The genus is found in ocean and coastal waters around the globe.  In the Canadian arctic, these organisms have been found living under ice floes at sub-zero oC (<32oF) temperatures; species also flourish in tropical waters where temperatures exceed 30oC (>86oF).  When temperatures increase in high nutrient waters, “blooms” of one or more Pseudo-nitzschia species can make this genus the dominant member of the phytoplankton community, reaching numbers up to 107 cells/L.  As eutrophication and fertilization of waters increases, incidences of Pseudo-nitzschia blooms (often referred to as red tides, as these diatoms turn the water a rust color) have become more prevalent around the world.  Causes of blooms are complex and not well understood, involving changes in water conditions and nutrients sources.

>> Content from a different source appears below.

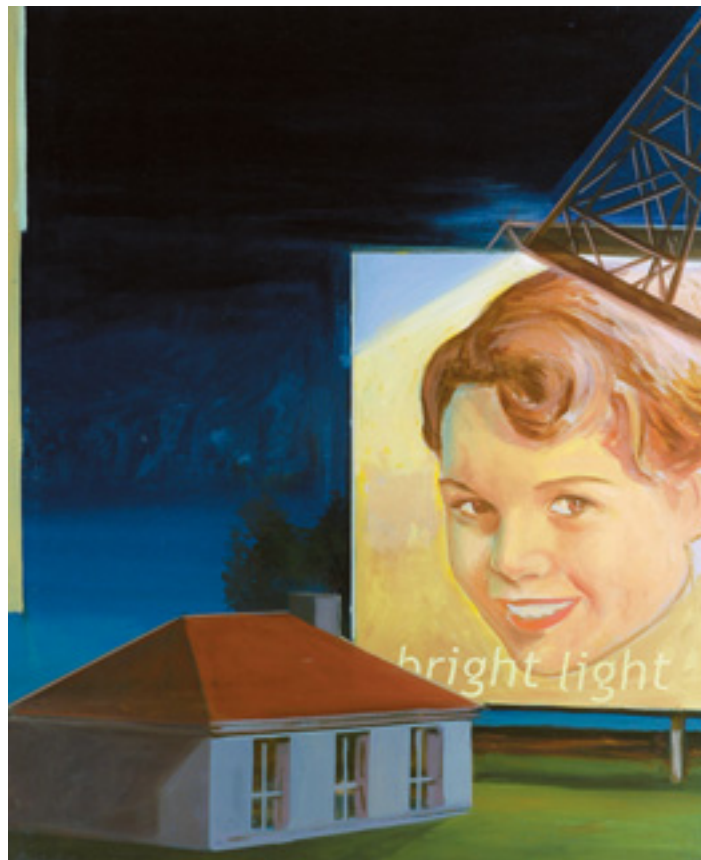
534 PEDRO PASCOINHO - NASC. 1972, "BRIGHT LIGHT",

óleo sobre tela, pequeno defeito na tela, assinado Dim. - 100 x 80 cm

During a large Pseudo-nitzschia bloom off Prince Edward Island in 1987, 100 people were sickened and 3 died after eating cultured mussels.  This incident first brought recognition of Psudo-nitzschia as a producer of Dolomic Acid (DA), a rare but naturally occurring amino acid that binds glutamate channels to act as a potent neurotoxin in vertebrates and cause permanent neurological damage.  Some animals bio-accumulate the toxin in concentrations dangerous to humans, so during blooms consumption of filter feeding shellfish, planktivorous fish such as sardines and anchovies, and internal organs of crabs should not be avoided.  Symptoms from exposure to DA are gastrointestinal and neurological in effect, and can include short-term memory loss, giving the syndrome the name Amnesic Shellfish Poisoning (ASP).  Severe cases result in death.  Sea birds and marine mammals have experienced large die-offs and strandings from eating contaminated fish prey.  After blooms the toxins may settle into sediments to further impact benthic food webs. 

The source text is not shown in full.